Your goal: What is needed is an exact repetition of the lines from the first one in the data through the line with "Морская стереосистема Bluetooth, радио", with no pictures.

Given records:
<<<<
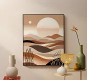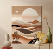 Deze minimalistische abstracte landschapskunst vangt de essentie van een serene woestijnscène. Zachte, aardse tinten komen harmonieus samen en creëren een rustgevende en uitnodigende sfeer. De zachte rondingen van de glooiende heuvels en de subtiele texturen roepen een gevoel van rust en vrede op. Perfect om een vleugje door de natuur geïnspireerde elegantie toe te voegen aan elke ruimte.
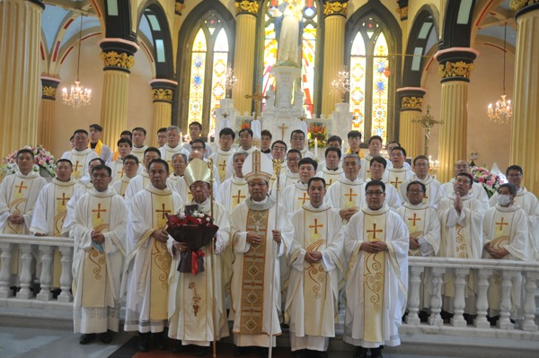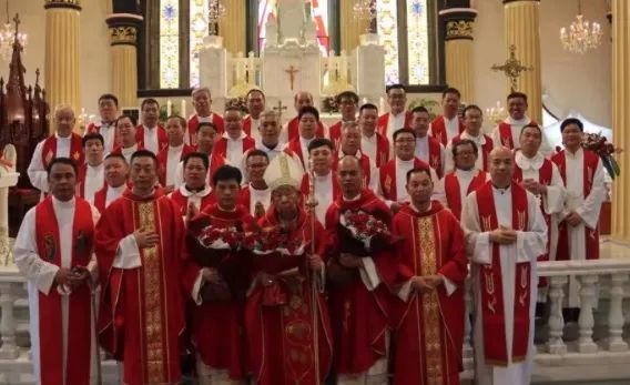 2022年6月29日,林家善主教在福州市泛船浦主教座堂祝圣两位执事为司铎,33位神父共祭参礼。
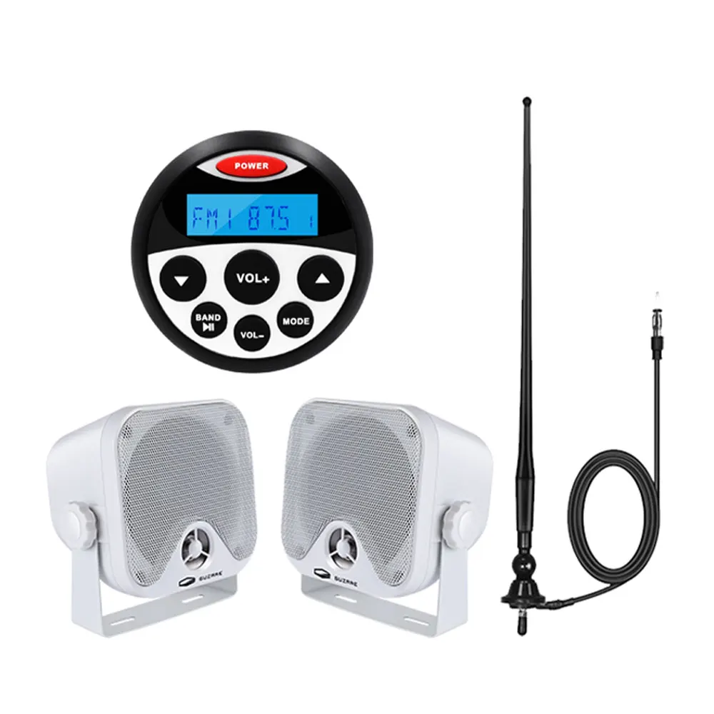 Морская стереосистема Bluetooth, радио плеер + 1 пара 4-дюймовых водонепроницаемых динамиков для лодок, квадроциклов, спа, гольф-карт + FM AM антенна
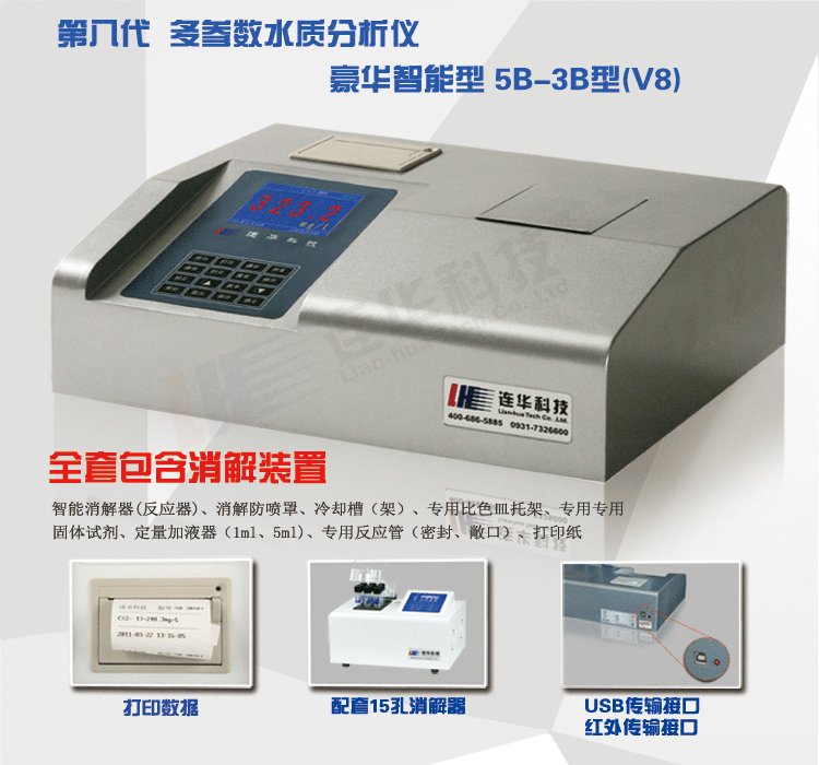 簡介: 這三款組合儀器分別是5B-3B型(V8)多參數水質分析儀,5B-3BN型(V8)總氮測定儀,5B-1型(V8)型智能消解器.水質分析儀是運用**新的電子機械技術研發的第八代產品。冷光源陣列技術的應用,使光源燈的壽命長達10萬小時,測定參數光源的切換由 手動升級為自動,消除了人為轉動的誤差因素。總氮測定儀是一款專門為測定 總氮而開發的儀器,采用紫外光分光光度法測定,具有 測定精度高、范圍寬、操作簡單。
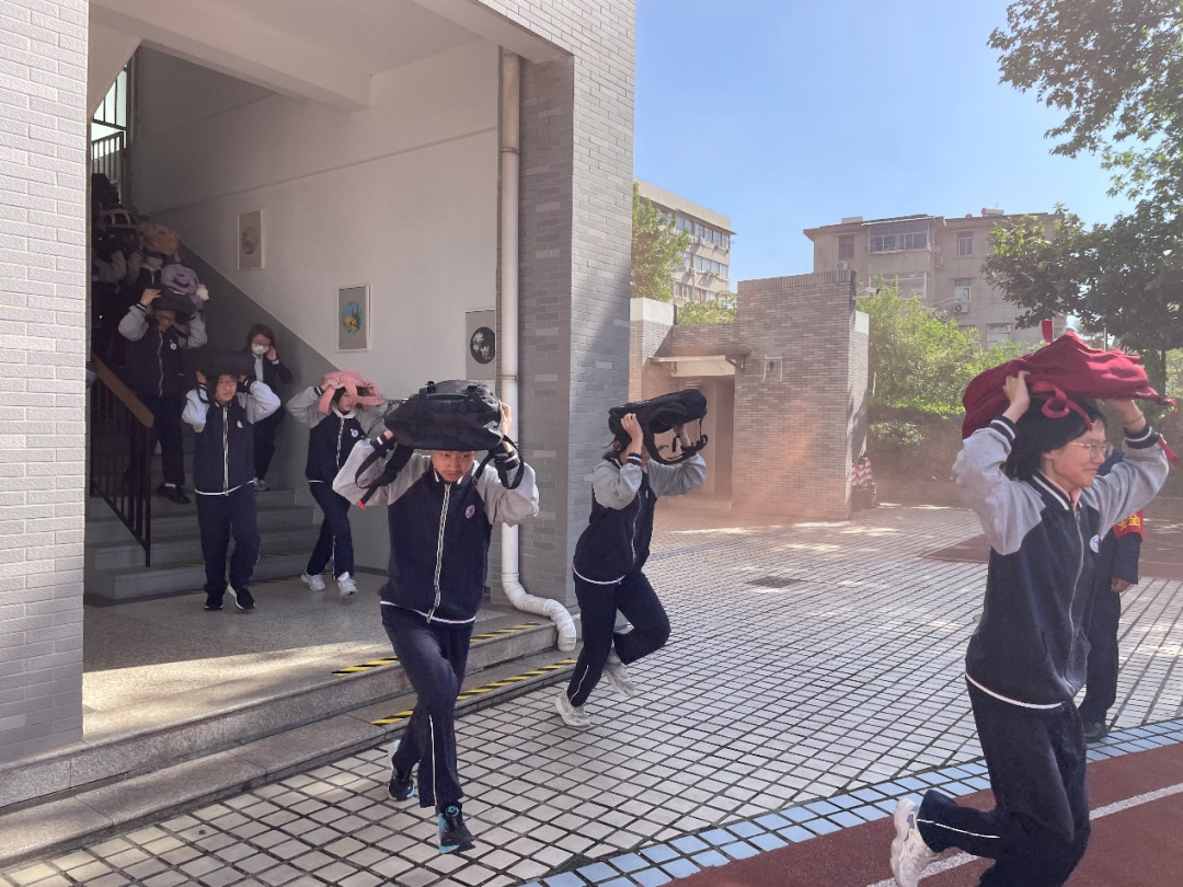 请大家有序撤离、不要恐慌、听从引导……”4月18日上午,随着警报声响起,“鼓防—2024B”校园防空袭疏散演练在南京育英外国语学校举行,全校1400名师生在安全引导员的指引下,迅速从各楼层通道口有序撤离教学楼。撤离疏散中同学们一个个表情严肃,或头顶书包或用毛巾捂住口鼻猫腰快速向安全地点疏散集结。
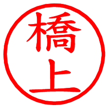 [朱肉の色]を選び、入力窓に“橋上”と入力して[生成]ボタンを押すと、印影が更新され、リンクから電子印鑑(デジタル印影)がダウンロードできます。 電子印鑑「橋上」の作り方文字表示が変なときや、文字バランスが悪いときは[字形切替]のチェックボックスでON/OFFを切り替え[生成]しなおしてください。 生成される画像は通常の印影「橋上.png」と、にじみを表現した少し太めの印影「橋上B.png」の背面透過PNG形式2種と、鮮明なPDF形式の印影「橋上.pdf」の計3種類です。 朱肉の微妙な色の違いを7色で表現しました。デフォルト(左端)は、JISが定めた朱肉の色のマンセル値(7.5R 5/14)をRGB値(217,66,54)に変換したものになっています。 「電子透かし」にチェックを入れて[生成]ボタンを押すと、タイムスタンプを電子透かしとして埋め込んだセキュアな電子印鑑が作れます。詳細は別ページの「タイムスタンプと電子透かし」でご覧ください。 橋上さんの日付印が作れます。「日付スタンプメーカー」は、社内向けの書類に利用されることの多い日付印(データ印)が無料で作れるWebアプリケーションです。中段に日付が入り、上段と下段は、ともに8文字まで文字が入ります。 ![]() 古代文字で落款印が作れます。「落款スタンプメーカー」で作品を引き立たせる落款印が作れます。
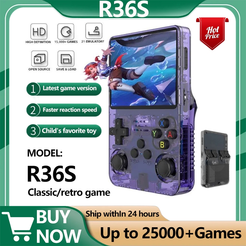 25000+Games R36S Handheld Video Game Console Retro Open Source Linux System 3.5 Inch IPS Screen
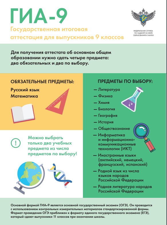 ГИА в форме ОГЭ и (или) ГВЭ включает в себя четыре экзамена по следующим предметам: экзамены по русскому языку и математике (далее – обязательные учебные предметы), а также экзамены по выбору обучающегося, экстерна (далее вместе – участники ГИА) по двум учебным предметам из числа учебных предметов, названных в Порядке проведения ГИА по образовательным программам основного общего образования: физика, химия, биология, литература, география, история, обществознание, иностранные языки (английский, французский, немецкий и испанский языки), информатика и информационно-коммуникационные технологии (ИКТ).
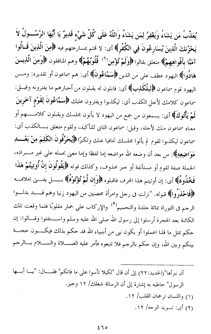 يُعَذِّبُ مَنْ يَشَاءُ وَيَغْفِرُ لِمَنْ يَشَاءُ وَاللهُ عَلَى كُلِّ شَيْءٍ قَدِيرٌ (40) يَا أَيُّهَا الرَّسُولُ لَا يَحْزُنْكَ الَّذِينَ يُسَارِعُونَ فِي الْكُفْرِ) أي: لا تهتم بمسارعَّتَهم فيه (مِنَ الَّذِينَ قَالوا آمَنَّا بِأَفْواهِهِمْ) متعلق بقالوا (وَلَمْ تُؤْمِن قُلُوبُهُمْ) وهم المنافقون (وَمِنَ الَّذِينَ هَادُوا) اليهود عطف على من الذين (سَمَّاعُونَ) أي: هم سَمَّاعُونَ أو تقديره: ومن اليهود قوم سَمَّاعُونَ (لِلْكَذِبِ) أي: قابلون له يقبلون من أحبارهم ما يفترونه وقيل: سَمَّاعُونَ كلامك لأجل الكذب أي: ليكذبوا ويفترون عليك (سَمَّاعُونَ لِقَوْمٍ آخَرِينَ لَمْ يَأْتُوكَ) أي: يسمعون من جمع من اليهود لا يأتون مجلسك ويقبلون كلامهم أو معناه سَمَّاعُونَ منك لأجله، وقيل: سَمَّاعُونَ الثاني للتأكيد، ولقوم متعلق بالكذب أي: سَمَّاعُونَ ليكذبوا لقوم لم يأتوا مجلسك تجافيًا عنك وتكبرًا (يُحَرِّفُونَ الكلِمَ مِنْ بَعْدِ مَوَاضِعِهِ): من بعد أن وضعه الله مواضعه إما لفظًا وإما معنى بحمله على غير مراده، الجملة صفة لقوم أو مستأنفة أو خبر محذوف، وكذلك قوله (يَقُولُونَ إِنْ أُوتِيتُمْ هَذَا فَخُذُوهُ) أي: إن أوتيتم هذا المحرف فاقبلوه (وَإِنْ لَمْ تُؤْتَوْهُ) بل يفتى بخلافه (فَاحْذَرُوا) قبوله. " نزلت في رجل وامرأة محصنين من اليهود زنيا وهم قد بدلوا الرجم في التوراة بمائة جلدة والتحميم والإركاب على حمار مقلوبًا فلما وقعت تلك الكائنة بعد الهجرة أرسلوا إلى رسول الله صلى الله عليه وسلم واستفتوا وقالوا: إن حكم بمثل ما قلنا اعملوا أو يكون نبي من أنبياء الله قد حكم بذلك فيكون حجة بينكم وبين الله، وإن حكم بالرجم فلا تتبعوه فأمر عليه الصلاة والسلام بالرجم
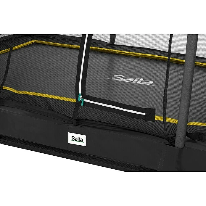 Das Salta Comfort Edition Ground ist das perfekte Einstiegsmodell unter die Inground-Trampoline von Salta. Durch das moderne und attraktive Design passt dieses Trampolin in jeden Garten! Für ein komfortables Springresultat ist das Trampolin an der Unterseite mit einem Netz versehen, sodass sich die beim Springen frei werdende Luft optimal verteilen kann. Mit den mitgelieferten robusten Bodenankern kann das Trampolin besonders fest im Boden verankert werden. Das Trampolin befindet sich nur 20 cm über dem Boden, was zu einem niedrigen Auf- und Abstieg beiträgt und somit leicht für Kinder zu betreten ist. Der schwarze Stahlrahmen ist verzinkt und sorgt für eine solide Konstruktion. Während dem Springen auf dem Comfort Edition Ground brauchst du dir keine Sorgen um deine Sicherheit zu machen. Mit dem doppelseitigem Reißverschluss können Kinder das Netz von beiden Seiten einfach öffnen und schließen.
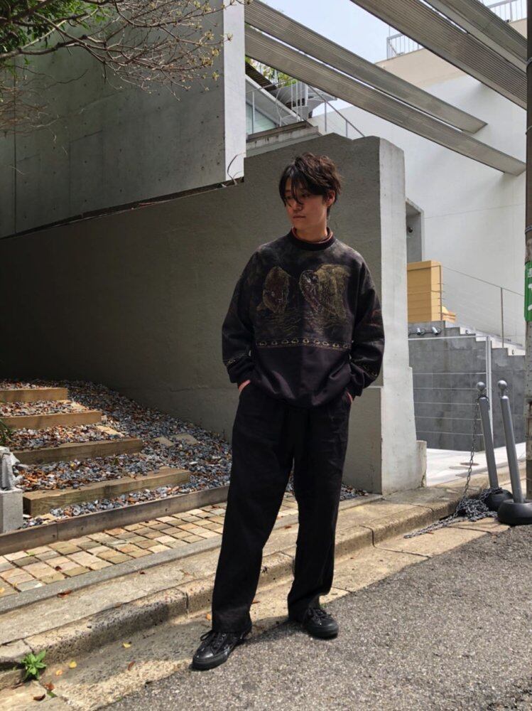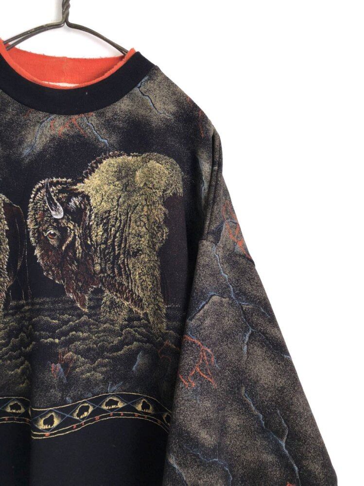 80s sweatshirt A good size vintage sweatshirt with a soft brushed back of cotton and polyester with an American bison pattern printed on a black body.
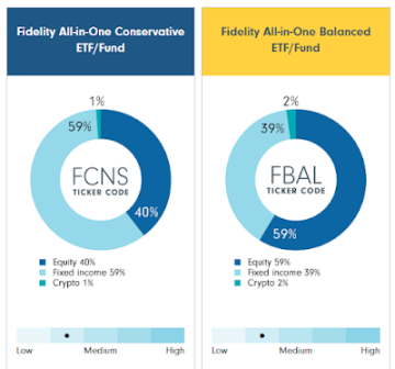 上面富达的图表就是一个典型的例子,它建议客户保守地将 40% 的财富投资于「股票」,59% 投资于「固定收益」,剩下 1% 投资于「Crypto」。
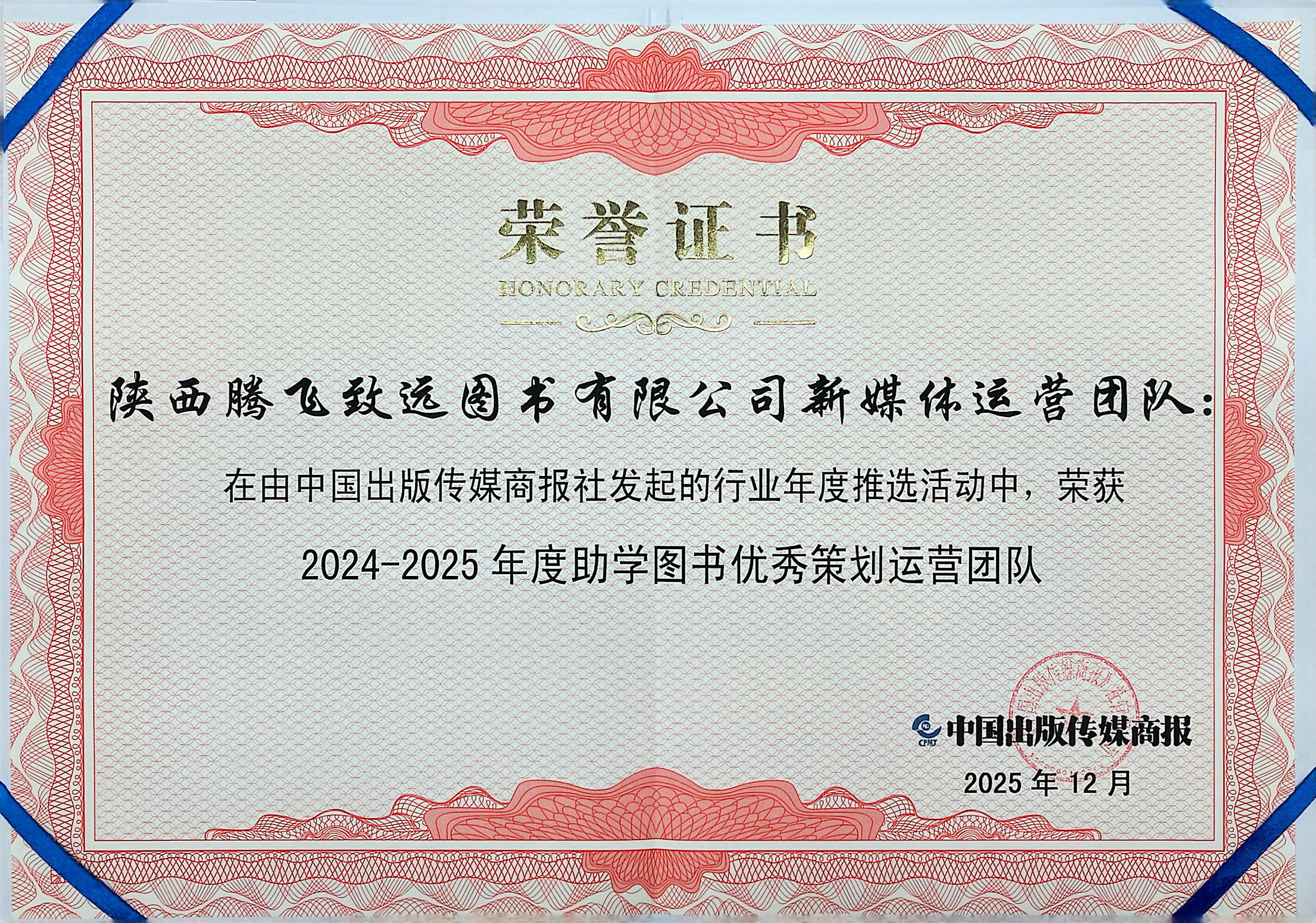 2025:旗下腾飞致远公司新媒体运营团队获助学图书优秀策划运营团队(2024-2025年度)
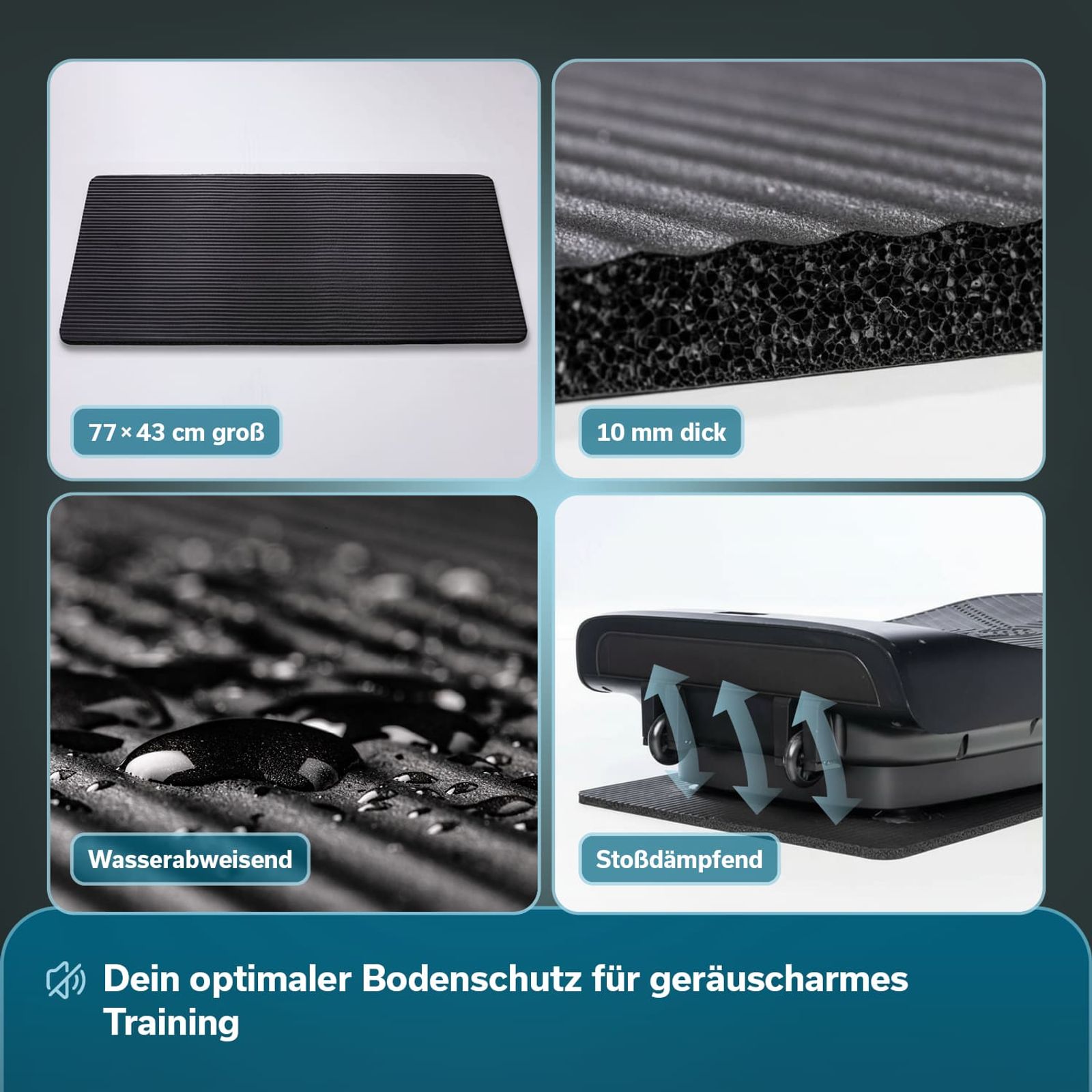 - Dimensions : 790 × 470 × 200 mm / Tapis de protection : 77 × 43 × 1 cm / Poids : 19 kg / Poids max. de l'utilisateur : 150 kg
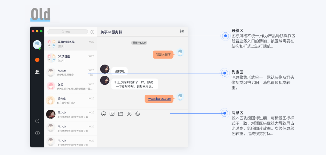 年初,因为疫情影响。线上办公突然成为热门话题。随着企业内部用户量的激增、功能不断完善及拓展,原有的PC端美事视觉风格和交互体验已经无法满足用户日益增长的体验需求。正值产品底层服务商更换为集团自主研发的微聊之际。因此,我们在此契机之下发起这次美事PC端改版项目。
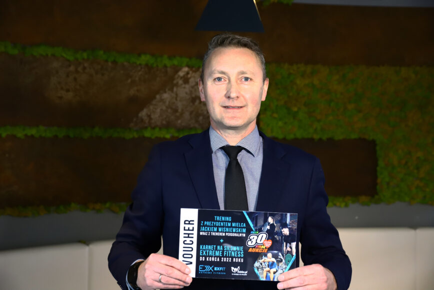 Pierwszym jest voucher na trening z Prezydentem pod fachowym okiem trenera personalnego ze znanej mieleckiej siłowni Extreme Fitness. Oprócz treningu voucher zawiera także ufundowany przez Extreme Fitness karnet na siłownię ważny do końca bieżącego roku.
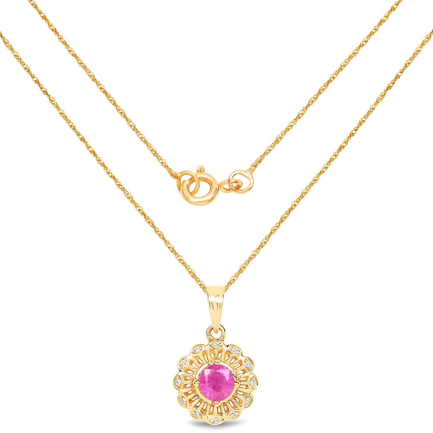REF-33M2F ---- 0.59 ctw Ruby & White Diamond Pendant 14K Yellow Gold
>>>>
The answer:
 Deze minimalistische abstracte landschapskunst vangt de essentie van een serene woestijnscène. Zachte, aardse tinten komen harmonieus samen en creëren een rustgevende en uitnodigende sfeer. De zachte rondingen van de glooiende heuvels en de subtiele texturen roepen een gevoel van rust en vrede op. Perfect om een vleugje door de natuur geïnspireerde elegantie toe te voegen aan elke ruimte.
 2022年6月29日,林家善主教在福州市泛船浦主教座堂祝圣两位执事为司铎,33位神父共祭参礼。
 Морская стереосистема Bluetooth, радио плеер + 1 пара 4-дюймовых водонепроницаемых динамиков для лодок, квадроциклов, спа, гольф-карт + FM AM антенна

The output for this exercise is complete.